▸ **Work request**:
The answer must be an exact copy of every entry, with no pictures in it.

▸ **Provided material**:

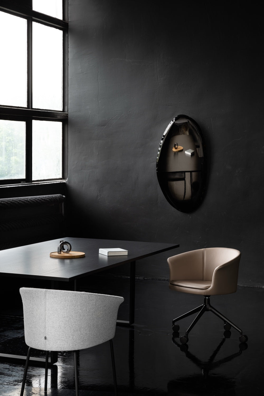 Organiczna, otulająca forma kubełka nawiązuje do rodziny foteli Tulli, ale w wersji Light bryła jest bardziej kompaktowa i wizualnie smuklejsza. Przyjazny, „domowy” charakter sprawia, że fotel dobrze wygląda zarówno w reprezentacyjnych gabinetach, jak i przy biurku w home office. Komfort zapewnia kubełkowe siedzisko z pianki na stalowym stelażu, które stabilnie podpiera plecy podczas dłuższej pracy.
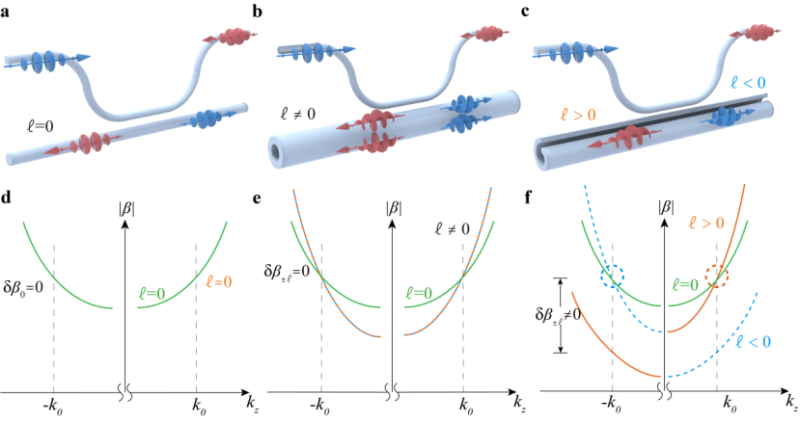 图1 | OAM-momentum locking原理图。a)和d) 常规单模波导不同方向的激发均为单模;b)和e) 普通环形波导不同方向的激发会同时产生不同手性的OAM模式; c)和f) 手性结构下不同方向的激发会选择性激发不同手性的OAM模式。
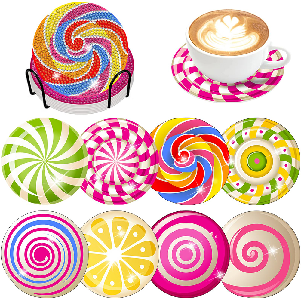 8PCS DIY Acrylic Diamond Painting Art Coaster Kit with Holder(Candy)
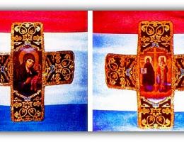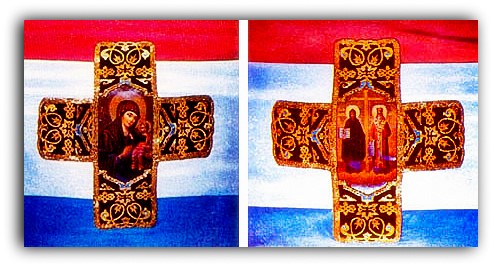 Эскиз необычного дара изготовил художник Николай Евстафьевич Симаков. На одной стороне красно-бело-синего полотнища он изобразил в черном кресте, украшенным золотыми арабесками, славянских первоучителей Кирилла и Мефодия. На другой – икону Иверской Божьей матери, во имя которой в Самаре был основан женский монастырь. Его монахини вышили безвозмездно Самарское знамя.
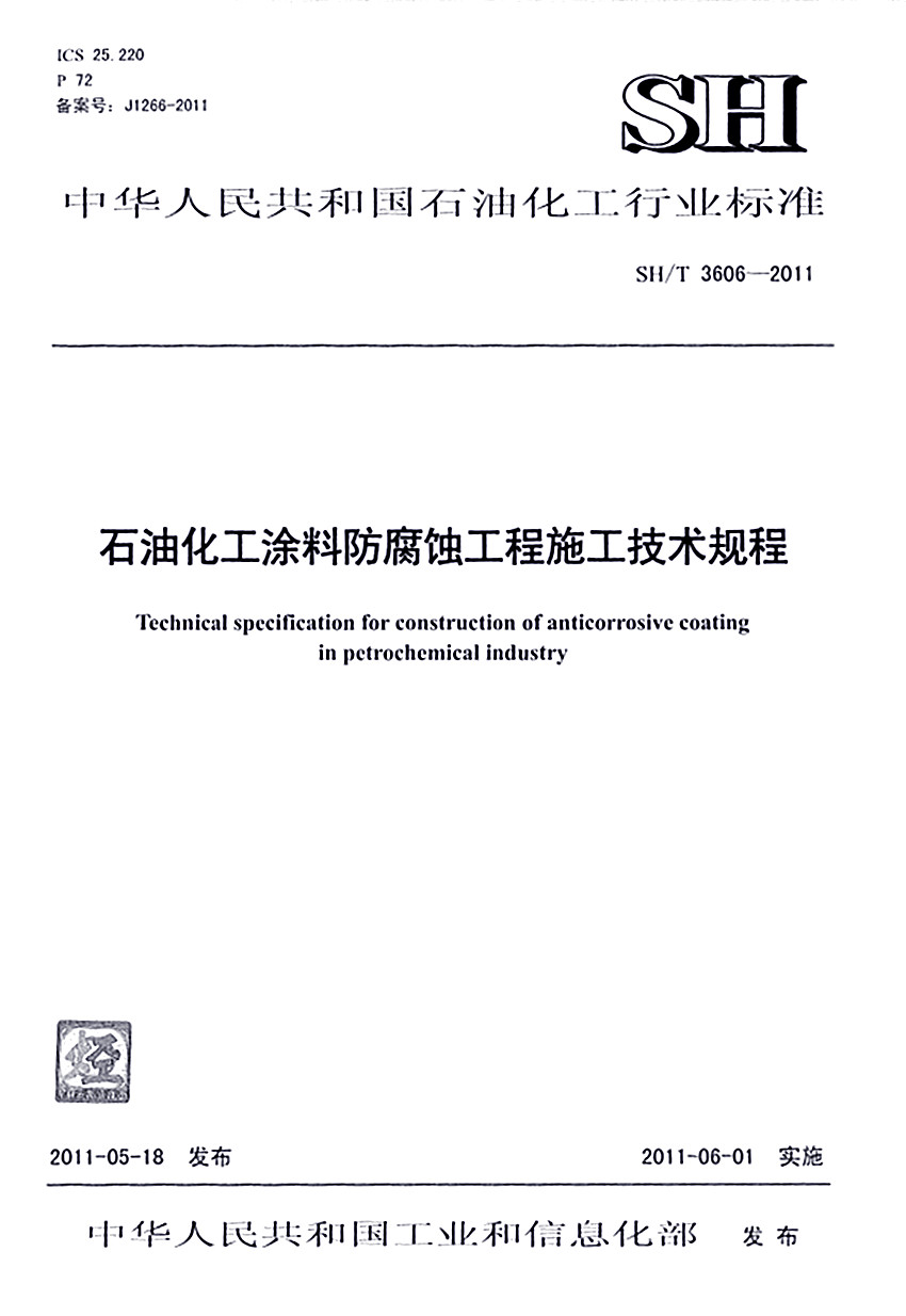 石油化工涂料防腐蝕工程施工技術(shù)規(guī)程標(biāo)準(zhǔn)SH/T 3606-2011 ICS25.220 P72 備案號:J1266-2011 SH 中華人民共和國石油化工行業(yè)標(biāo)準(zhǔn) SH/T 3606-2011石油化工涂料防腐蝕工程施工技術(shù)規(guī)程 Technical spccificatinon for construction of anticorrosive coating in pctrochcmical in

▸ **Exercise response**:
 Organiczna, otulająca forma kubełka nawiązuje do rodziny foteli Tulli, ale w wersji Light bryła jest bardziej kompaktowa i wizualnie smuklejsza. Przyjazny, „domowy” charakter sprawia, że fotel dobrze wygląda zarówno w reprezentacyjnych gabinetach, jak i przy biurku w home office. Komfort zapewnia kubełkowe siedzisko z pianki na stalowym stelażu, które stabilnie podpiera plecy podczas dłuższej pracy.
 图1 | OAM-momentum locking原理图。a)和d) 常规单模波导不同方向的激发均为单模;b)和e) 普通环形波导不同方向的激发会同时产生不同手性的OAM模式; c)和f) 手性结构下不同方向的激发会选择性激发不同手性的OAM模式。
 8PCS DIY Acrylic Diamond Painting Art Coaster Kit with Holder(Candy)
 Эскиз необычного дара изготовил художник Николай Евстафьевич Симаков. На одной стороне красно-бело-синего полотнища он изобразил в черном кресте, украшенным золотыми арабесками, славянских первоучителей Кирилла и Мефодия. На другой – икону Иверской Божьей матери, во имя которой в Самаре был основан женский монастырь. Его монахини вышили безвозмездно Самарское знамя.
 石油化工涂料防腐蝕工程施工技術(shù)規(guī)程標(biāo)準(zhǔn)SH/T 3606-2011 ICS25.220 P72 備案號:J1266-2011 SH 中華人民共和國石油化工行業(yè)標(biāo)準(zhǔn) SH/T 3606-2011石油化工涂料防腐蝕工程施工技術(shù)規(guī)程 Technical spccificatinon for construction of anticorrosive coating in pctrochcmical in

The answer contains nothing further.